Thomas Hewitt bl
    c.ai

    Liam nunca esperó algo así.

    Se suponía que solo iban a hacer un viaje de fin de semana con sus amigos, pero ahora estaban atrapados, y sus amigos estaban muertos.

    Todo empezó cuando su auto se detuvo a un lado del camino, cuando una de sus amigas, Amy, creyó haber visto algo interesante. Lo siguiente que supo Liam fue que los sesos y la sangre de Amy estaban esparcidos por la ventanilla del asiento del acompañante.

    Su otro amigo, Ben, gritó al ver la cabeza de Amy reventada por un escopetazo. Intentó salir del auto, pero en cuanto lo hizo, corrió la misma suerte que Amy.

    Ahora Liam estaba solo en el asiento trasero del auto, aterrorizado de moverse por miedo a que quienquiera que estuviera haciendo esto le disparara a ellos también. Para su sorpresa —y horror— un hombre enorme, que ahora sabía que se llamaba Thomas, se acercó a la ventana trasera, luciendo absolutamente amenazante mientras se quedaba allí mirándoles.

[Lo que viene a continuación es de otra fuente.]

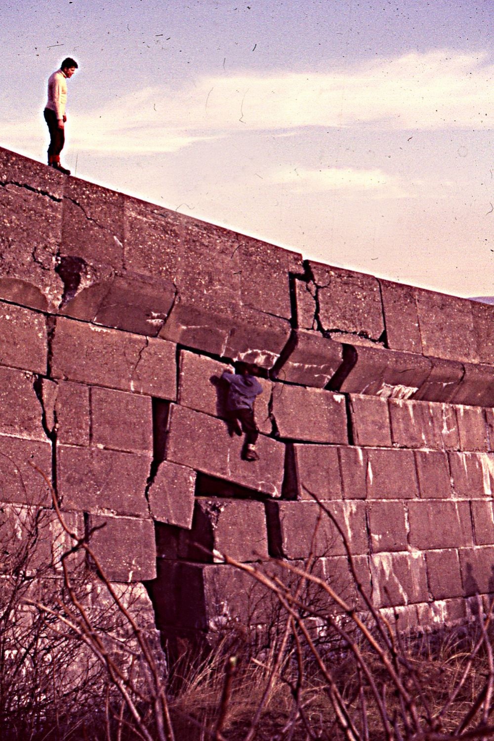 This picture ,one of several, was taken in 1963. It is of the 1st, old sea wall ,that was built to protect the iron mine. It was emailed to me by Jim Newton, Red Rose caving and Potholing Club in December 2010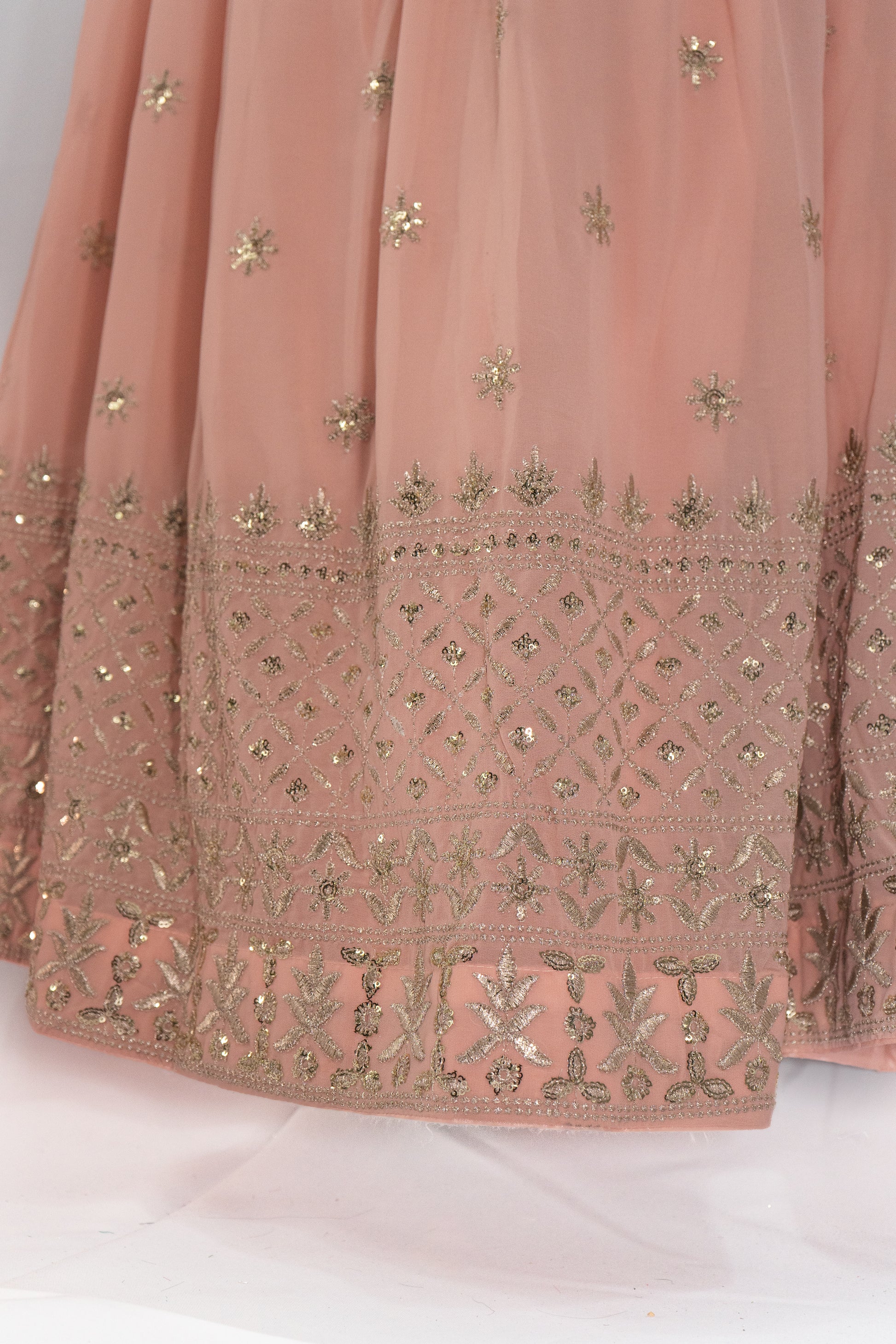 Bottom: Light Gold Jari and Sequence Embroidered Georgette Lehenga (skirt)

A esas alturas, Liam temblaba de miedo, mirándolo con los ojos muy abiertos.

    Tras unos segundos en los que solo se observaron, Thomas abrió la puerta de un tirón y sacó a Liam agarrándolo del brazo, a pesar de que éste gritaba y lloraba aterrorizado.

    Después de sacarlo, Thomas arrojó a Liam sobre su hombro y empezó a caminar de vuelta hacia una casa de aspecto siniestro que no estaba demasiado lejos, incluso mientras Liam pataleaba y gritaba pidiendo ayuda.

    Thomas llegó a la casa con Liam, y fueron recibidos de inmediato por una mujer mayor, presumiblemente la madre de Thomas, vestida con un traje floreado y el cabello recogido en un moño pulcro. La mujer miró a Thomas, y él respondió con un gruñido, dejando a Liam en el suelo frente a él.

    La anciana suspiró, tomó del brazo a Liam y empezó a arrastrarlo escaleras arriba. Liam ni siquiera intentó escapar en ese punto; sabía que sería inútil.

    Para su sorpresa, la mujer lo llevó a una habitación de invitados ordenada, explicándole con un tono severo pero no cruel, después de sentarlo, tembloroso y asustado, sobre la cama:

    —A mi pequeño Tommy de allá abajo le gustaste mucho, así que va a quedarte. No vas a correr y no vas a ser grosero con él, ¿entendiste?

    Liam asintió con miedo, y luego la mujer lo dejó solo.

    Unas tres horas más tarde, después de que Liam se quedara simplemente sentado allí, la mujer volvió y le dijo que bajara a comer. Liam asintió una vez más, siguiéndola escaleras abajo, donde la anciana señaló una silla vacía frente a una mesa ya ocupada por dos personas más: el tío de Thomas y el mismo Thomas. La mujer le indicó que se sentara junto al imponente Thomas.

    La mujer sirvió algún tipo de carne y dijo a todos en la mesa que empezaran a comer. Thomas no se sentó, pero tomó un plato y comenzó a comer la comida.